Dataset entries
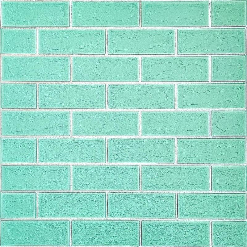 Самоклеюча 3d панель зелена цегла зі срібною смужкою 700х770х5мм
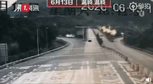從收費站的監控可以看到,爆炸現場地面劇烈晃動,火光沖天。
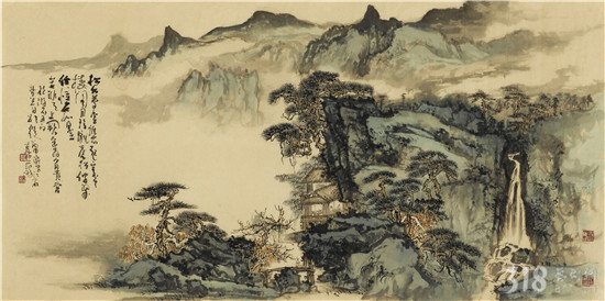 范陽(yáng)先生的山水畫(huà),筆法近取傅抱石、黃秋園,遠(yuǎn)溯“元四家”中黃公望、王蒙。筑居楊岐山下,使先生日夜親近自然山水,吐納天地,養(yǎng)浩然之氣?!巴鈳熢旎械眯脑础?,唐代張璪一言道破了山水畫(huà)家修養(yǎng)、悟性的不二法門(mén)。范陽(yáng)先生正是以自然(造化)為營(yíng)養(yǎng),入而為心靈化育,镕冶成亦古亦新,遠(yuǎn)離塵俗的獨(dú)特風(fēng)格。近作《松風(fēng)泉聲》(五屏聯(lián))氣勢(shì)磅礴,大開(kāi)大合,細(xì)究又十分謹(jǐn)嚴(yán)。筆墨與丘壑融為一體,既豪放又穩(wěn)健。淺絳青綠的設(shè)色,使畫(huà)面有蔥翠欲滴之感??胺Q(chēng)山水畫(huà)中的經(jīng)典。
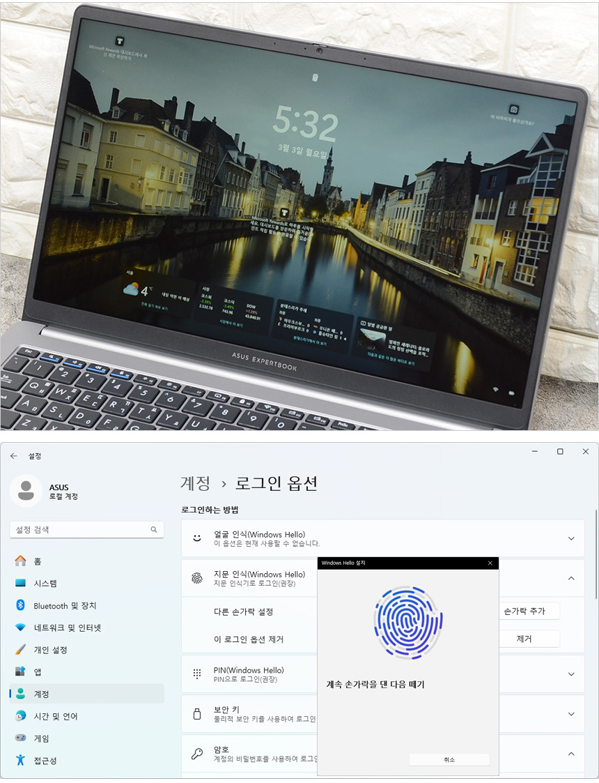 지문인식 센서가 장착되어 보안성을 한층 높일 수 있다. 설정-계정에 있는 로그온 옵션에서 지문을 등록할 수 있으며 인식율도 뛰어나 편하게 사용할 수 있었다. (높은 보안성을 요구하는 기업용 노트북 다운 선택이라 할 수 있다.)
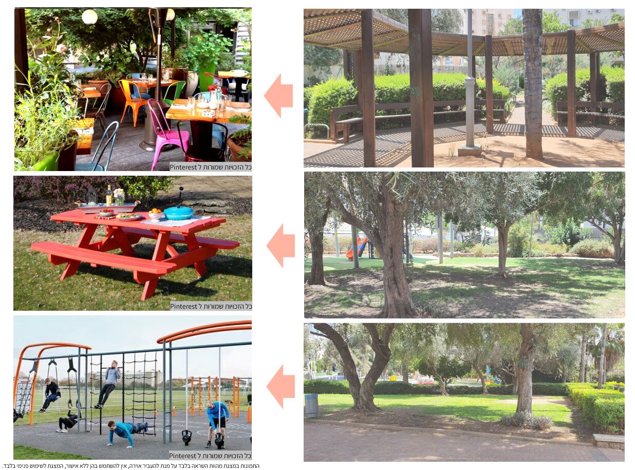 צביעת פרגולות קיימות, העתקת עץ דקל והשלמת ריצוף, הוספת תאורה, הוספת ריהוט ישיבה - שולחנות וכסאות . הוספת שולחנות פיקניק בדשא, הקמת גינת מתקני כושר פונקציונלי כולל הצללה, שדרוג גינון, הוספת קולר.
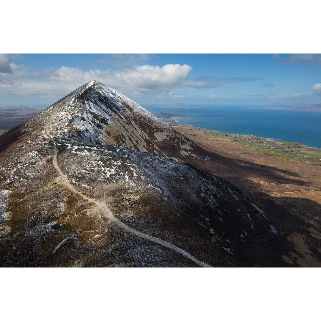 An aerial view of Croagh Patrick with Clare Island in the distance. Snow dusts the peak.
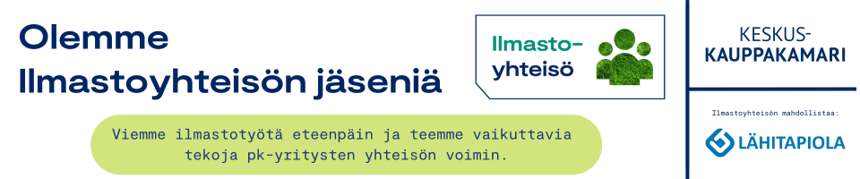 Olemme olleet vuonna 2025 mukana Keskuskauppakamarin ilmasto-ohjelmassa, jonka yhteydessä teimme scope 1-2 päästöjen laskennan myös vuodelle 2024. Jatkamme vuonna 2026 Keskuskauppakamarin ilmastoyhteisön jäsenenä, tavoitteenamme vahvistaa omaa osaamistamme scope 3 -päästölaskennassa sekä päästövähennyssuunnitelmamme kehittämisessä.

▸ EXERCISE DETAILS: What is wanted is an exact copy of the lines above from the one containing "范陽(yáng)先生的山水畫" through the one containing "An aerial view", with no pictures in it.

▸ ANSWER AREA:
 范陽(yáng)先生的山水畫(huà),筆法近取傅抱石、黃秋園,遠(yuǎn)溯“元四家”中黃公望、王蒙。筑居楊岐山下,使先生日夜親近自然山水,吐納天地,養(yǎng)浩然之氣?!巴鈳熢旎械眯脑础?,唐代張璪一言道破了山水畫(huà)家修養(yǎng)、悟性的不二法門(mén)。范陽(yáng)先生正是以自然(造化)為營(yíng)養(yǎng),入而為心靈化育,镕冶成亦古亦新,遠(yuǎn)離塵俗的獨(dú)特風(fēng)格。近作《松風(fēng)泉聲》(五屏聯(lián))氣勢(shì)磅礴,大開(kāi)大合,細(xì)究又十分謹(jǐn)嚴(yán)。筆墨與丘壑融為一體,既豪放又穩(wěn)健。淺絳青綠的設(shè)色,使畫(huà)面有蔥翠欲滴之感??胺Q(chēng)山水畫(huà)中的經(jīng)典。
 지문인식 센서가 장착되어 보안성을 한층 높일 수 있다. 설정-계정에 있는 로그온 옵션에서 지문을 등록할 수 있으며 인식율도 뛰어나 편하게 사용할 수 있었다. (높은 보안성을 요구하는 기업용 노트북 다운 선택이라 할 수 있다.)
 צביעת פרגולות קיימות, העתקת עץ דקל והשלמת ריצוף, הוספת תאורה, הוספת ריהוט ישיבה - שולחנות וכסאות . הוספת שולחנות פיקניק בדשא, הקמת גינת מתקני כושר פונקציונלי כולל הצללה, שדרוג גינון, הוספת קולר.
 An aerial view of Croagh Patrick with Clare Island in the distance. Snow dusts the peak.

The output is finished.